The insecure algorithm is a real joke in internet security circles today. Rainbow table databases serve as directories that transform hashes into cleartext passwords, and the internet is now littered with free and paid services that can reveal logins within just a few seconds.

David Taylor, principal security consultant with Perth-based Asterisk Information Security, offered a similar opinion-- "Yes, it would be extremely a poor form on their part to be still using MD5 for hashing in December of 2016," he says.

"There has been numerous issues reported for MD5 dating back to the mid 2000s," he warned. Board director with the lauded Open Web Application Security Project (OWASP) Andrew van der Stock, also chief technology officer at The Threat Intelligence, is an advocate of integrating security into the development process and sees many shortcomings in Yahoo's overall security models.

"This security breach clearly demonstrates that Yahoo's previous approach to security was less than ideal, and it's obvious that the people at Yahoo's so-called security team were unable to move the needle sufficiently with management to upgrade password hashing from a very outdated and totally insecure algorithm to something more modern, secure and acceptable by the industry," he asserted.

"That the outdated MD5 algorithm is still commonly found in many of the worst security breaches today is an indication that the continued use of that obsolete technology is correlated with other poor security practices," he added.

The security breach comes at a notably poor time for Yahoo-- the company will soon be acquired by Verizon, possibly at a damaged-goods discount, and is apparently (we are told) conducting a 'security recruitment' drive in Australia in a bid to attract local security talent, van der Stock added.

"We all understand that without a complete revamp of senior management support for security and alignment with customer desires for privacy and security of their data, there is no point in taking on a position at Yahoo," he asserted.

To be sure, network admins were salting password hashes in the 1980s, but many still fail to apply the complexity additive today.
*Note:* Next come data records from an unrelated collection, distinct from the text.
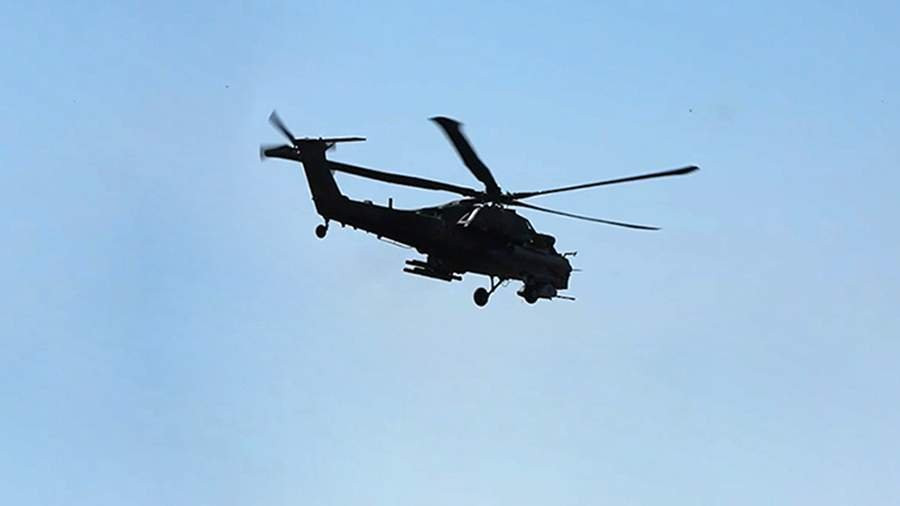 Ми-35М ударил ракетами С-8 по бронетехнике ВСУ в Курской области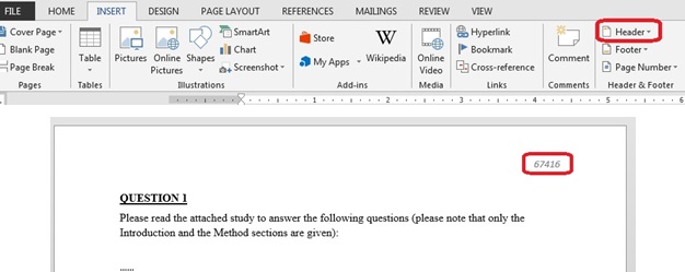 For example: bakirci_deniz_67416 . That 5-digit random number should also appear as a header across all your written pages (see visual below & check https://edu.gcfglobal.org/en/word2016/headers-and-footers/1/ for how to make a header).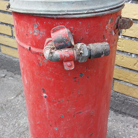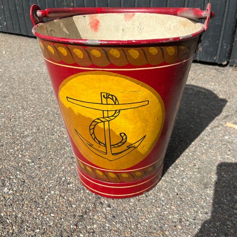 Brandspand metalspand i rød farve med låg og håndtag. Spanden har et vintage udseende med synlige brugsspor og patina. Egnet til opbevaring eller dekorative formål.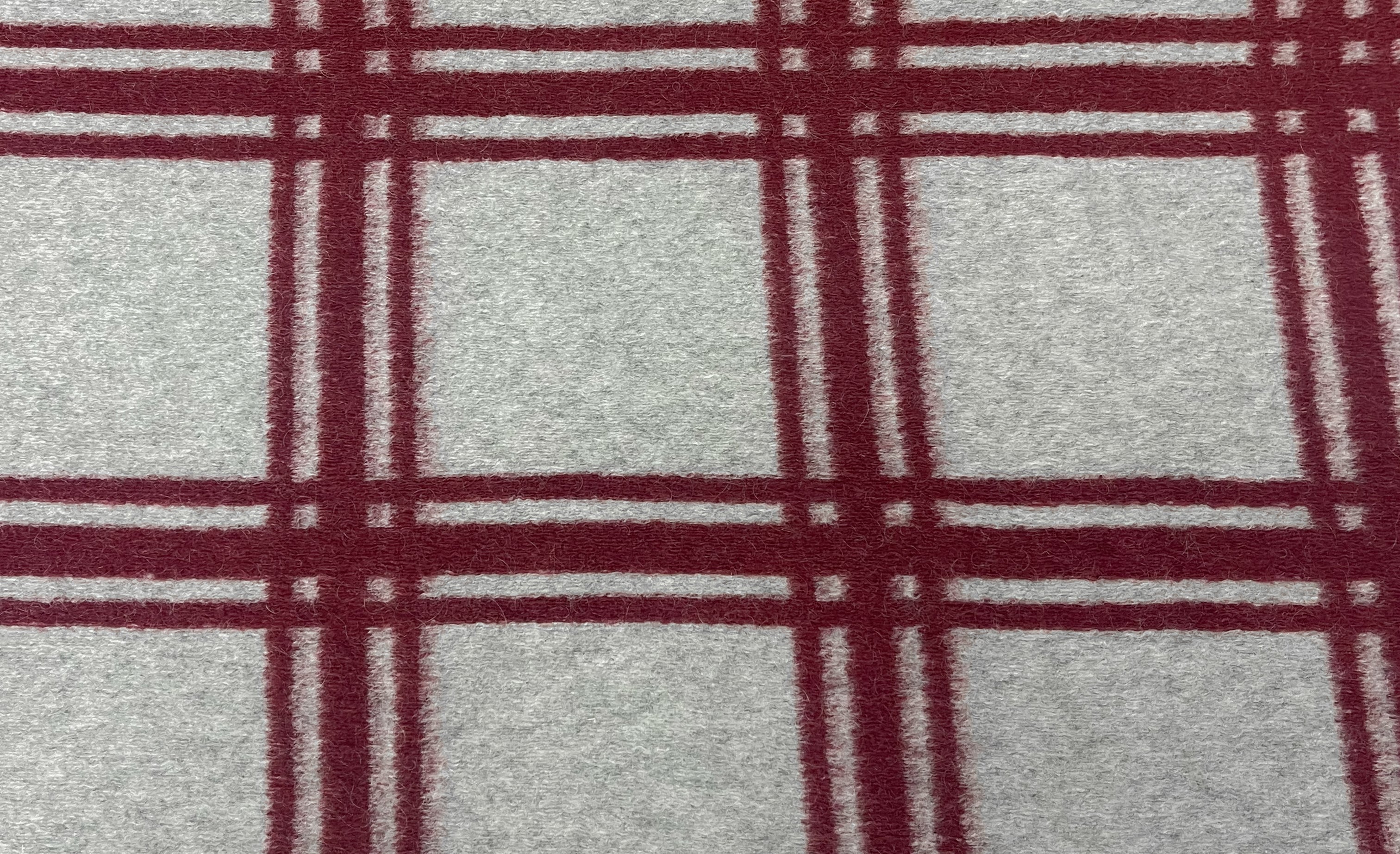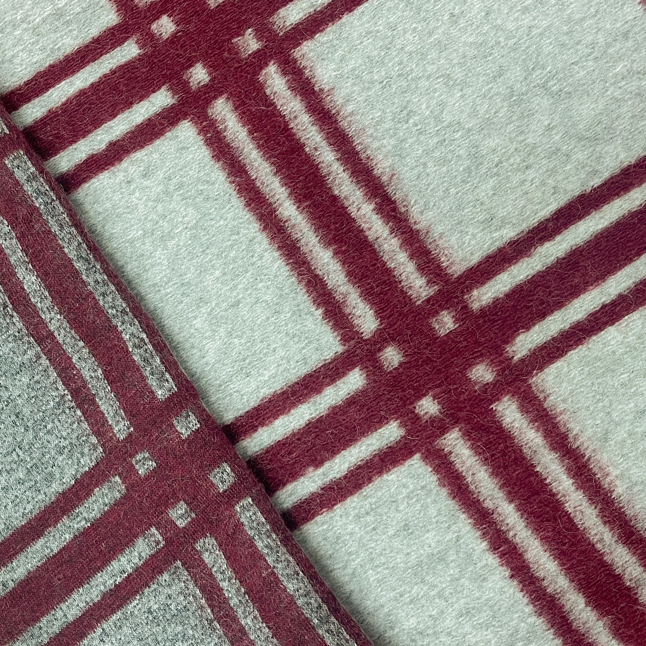 Burgundy Red-Medium Italian Boiled Wool-Poly Plaid Knit Coating Fabric

The cryptography measure introduces random data into one-way functions preventing the use of rainbow tables by ensuring identical passwords have unique hashes, adding a much-needed layer of extra security.

Goldberg underlined the 2012 large security breach at LinkedIn to clearly demonstrate the importance of salting, something the security expert wrote about at the time.

"LinkedIn had used SHA1, an improvement over MD5 in general, but it really didn’t matter that it was SHA1 instead of MD5," Goldberg asserted. "What really mattered is that it was not salted. I strongly argued almost five years ago that it was totally irresponsible for LinkedIn to have used unsalted hashes, and that certainly applies to Yahoo as well in using unsalted hashes."

Put simply, a bland salt-free password earns the "contempt" of Goldberg and his kin, while the use of slow hashes like bcrypt, PBKDF2, or the upcoming Argon2 wins their praise.

Hackers can easily guess salted passwords, whereas bcrypt slows the rate at which those guesses can be made. "With a simple cryptographic hash function like SHA256, MD5, etc, any attacker might be able to make ten million guesses per second on a single hash. But with the 'slow hashing' functions, that might be reduced to a few tens of thousands of guesses per second," he asserted.

The greatly decreased rate gives users a window to change their passwords. Yet even that may not have helped Yahoo. "But after four years, the details of the hashing scheme don’t really matter. Any guessable password will have been guessed by now," he laughed.